Вместе с тобой удивляюсь. Вместе с тобой ищу ответы на вопросы. Вместе с тобой радуюсь буквам и числам, снегу и звёздам… Никакого секрета нет. Всё просто…
Просто я забыла, сколько мне лет. Я помню, ощущаю только твой – наш! – возраст. И каждый день учусь. С тобой. У тебя. Учусь радости. Учусь удивлению. Когда ты показываешь на какую-нибудь безымянную (но ведь не безымянную на самом деле!) травинку и спрашиваешь: «Как её зовут?» – меня всякий раз поражает глубокое изумление: как же это я жила до сих пор, не зная её имени? Как я могла жить, не зная, как её зовут? Что это у меня была прежде за жизнь?…
Сколько прекрасных имен узнали мы с тобой! Подорожник, пастушья сумка, клевер, донник, лебеда… А раньше было: просто трава под ногами…
Вспышка-воспоминание. Лето. Июнь. Мы гуляем по зелёному, сверкающему после дождя скверу. И слышим такой диалог:
– Мама, что это?! – восклицает, почти вскрикивает девочка лет шести, зачарованно глядя на прекрасные белые соцветия среди тёмно-зелёной листвы. – Мама, что это?!
– Дерево, – отвечает мама.
И такая скука, такая серая обыденность в её голосе, что ты не выдерживаешь:
– Каштан! Каштанчик!… – кричишь ты, захлёбываясь восторгом, радостью, ликованием. – Это же каштанчик!…
Тебе два с половиной года. Для тебя дерево – уже не просто дерево, ты знаешь по именам все деревья в нашем сквере, всех зелёных жителей нашего маленького цветущего мира…
Иногда я вспоминаю ту девочку в сквере, и мне её очень жаль. Очень, очень скоро она разучится задавать вопросы… И когда-нибудь, через много лет она с таким же безразличием ответит своему ребёнку: «Просто дерево».
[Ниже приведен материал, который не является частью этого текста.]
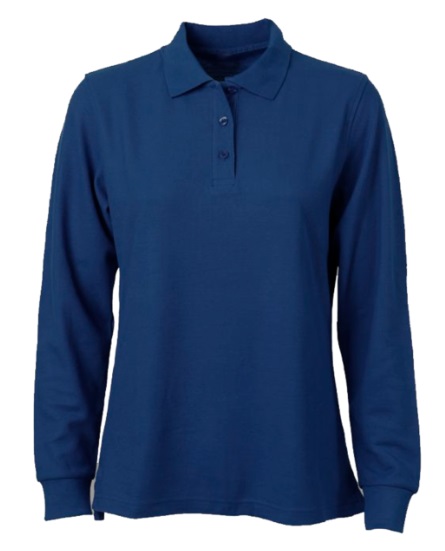 Polera Piqué 60% algodón/40% poliéster, 220 grs. por mt.2 Cuello camisero 3 botones, manga larga con puño elasticado, tela fresca y liviana que absorbe el sudor, con antipeeling (evita la formación de motas). Costuras reforzadas en hombros y escote de espalda.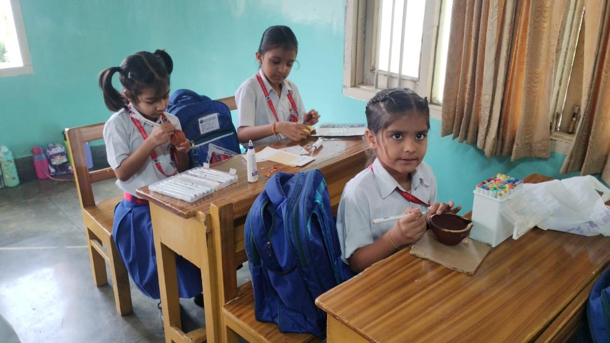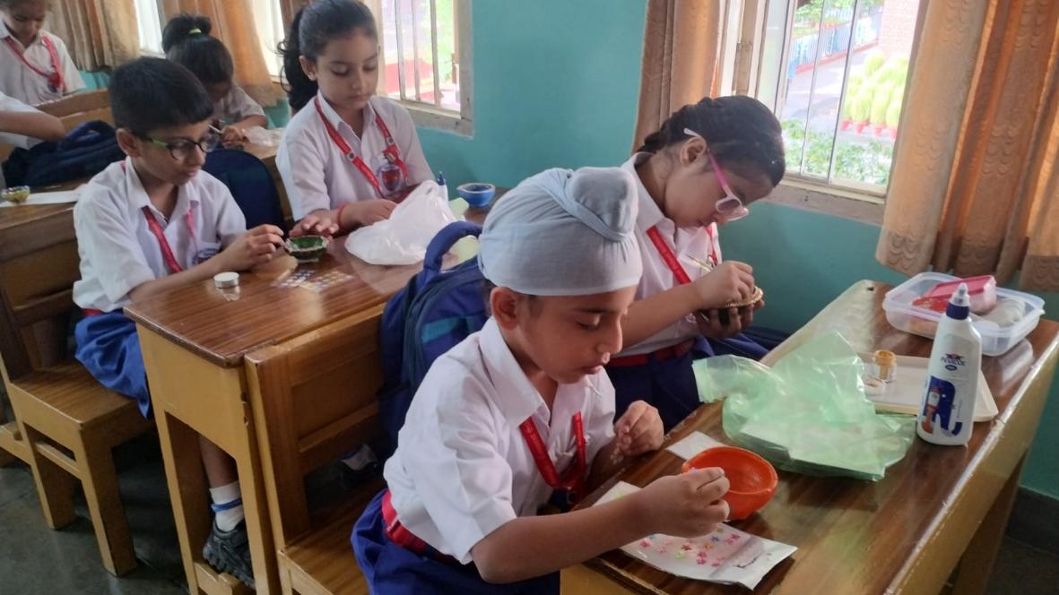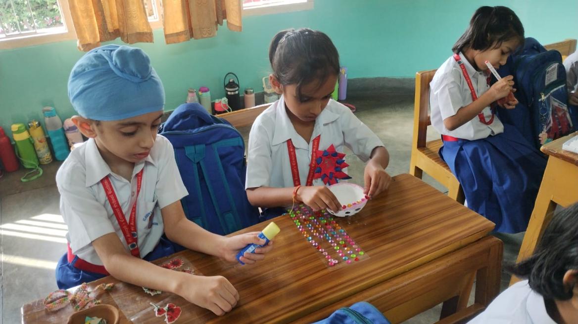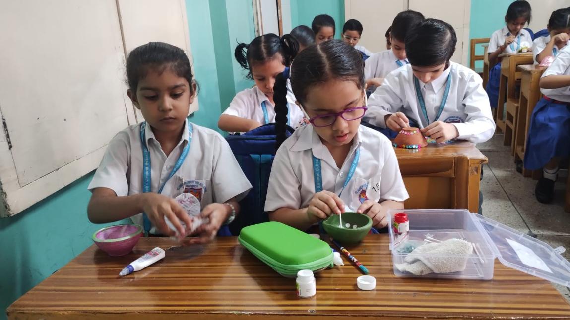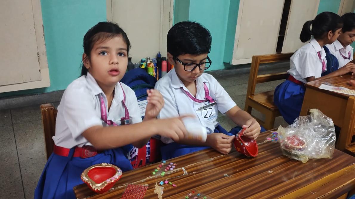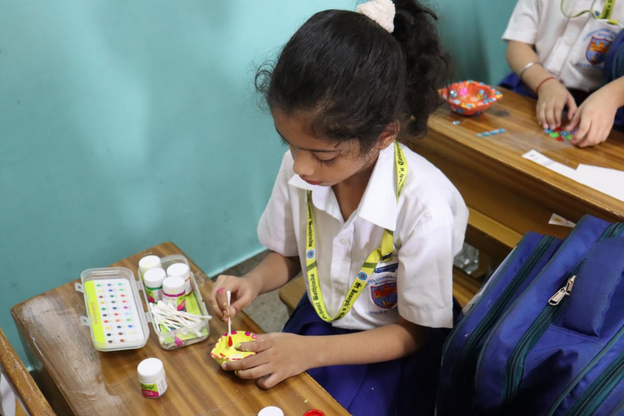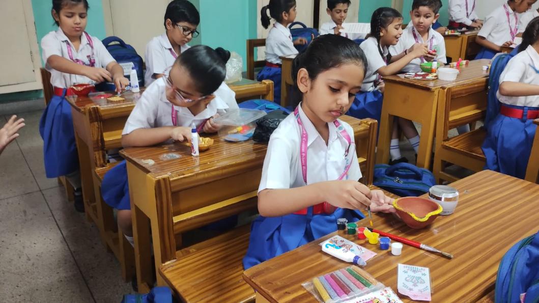 Diya Making Competition to celebrate Diwali, the festival of lights was conducted for Class 1 on 8 Oct 2025. All the children were very excited for it. They brought small diyas and decorated them with colors, glitter, and stickers. Teachers helped and praised everyone’s creativity. It was so much fun to paint and decorate diyas.It was a joyful way to celebrate Diwali together!

Только рядом с тем, кто умеет радоваться, у ребёнка радостно распахиваются глаза; только рядом с тем, кто умеет удивляться, ребёнок с такой лёгкостью и жадностью узнаёт и запоминает, и делает своими имена звёзд и трав, зверей и чисел, птиц и цветов. Всё легко и просто, когда ты счастлив. Когда утро – в радость, и вечер – в радость, и дождик, и красный куст боярышника, и птица за окном, и звезда…
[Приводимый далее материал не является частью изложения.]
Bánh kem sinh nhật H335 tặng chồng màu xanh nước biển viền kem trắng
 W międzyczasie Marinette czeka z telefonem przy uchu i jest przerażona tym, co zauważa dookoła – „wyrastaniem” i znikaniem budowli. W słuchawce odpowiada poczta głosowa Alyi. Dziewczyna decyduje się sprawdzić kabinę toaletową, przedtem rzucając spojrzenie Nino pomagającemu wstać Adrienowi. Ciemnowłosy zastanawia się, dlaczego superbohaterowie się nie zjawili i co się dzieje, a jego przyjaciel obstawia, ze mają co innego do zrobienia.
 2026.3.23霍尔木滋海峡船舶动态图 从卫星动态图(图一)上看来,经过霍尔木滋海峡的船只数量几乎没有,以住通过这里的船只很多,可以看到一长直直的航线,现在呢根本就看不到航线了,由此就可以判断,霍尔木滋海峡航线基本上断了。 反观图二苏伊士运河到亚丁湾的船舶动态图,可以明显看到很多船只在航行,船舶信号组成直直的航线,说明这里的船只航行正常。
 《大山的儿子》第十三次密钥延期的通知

Я учусь радости. Учусь удивлению. Учусь быть твоей мамой. Твоим другом. Твоей подружкой.
Ничего этого я не сказала воспитательницам, обступившим меня и ждущим от меня какого-то ясного, простого ответа. Что я могла ответить им? Для этого мне нужно было бы рассказать им всю нашу жизнь – с того самого дня, когда я принесла тебя, крошечного, больного, домой. И была стужа – за окном и в доме, и в доме тоже… И нас было двое во всём мире. Ты да я, да мы с тобой… Но я сказала тебе: «Всё равно мы будем счастливы. Несмотря ни на что!…»
– Никакой особой методы у меня нет. Просто я всегда отвечаю на его вопросы. А мой сын очень любознательный мальчик.
– Скажите, а как вы учили его читать? Каким наглядным материалом вы пользовались?
Антон, ты помнишь, каким наглядным материалом мы с тобой пользовались?
Ну, прежде всего – макароны, которые ты без конца таскал из шкафа, разламывал на отрезки разной длины и выкладывал из них буквы. В ход шли также пуговицы, камушки, листики, принесенные с прогулки, пластмассовые гайки из конструктора, винтики из игрушечных часов… Одним словом, всё, что попадало под руку.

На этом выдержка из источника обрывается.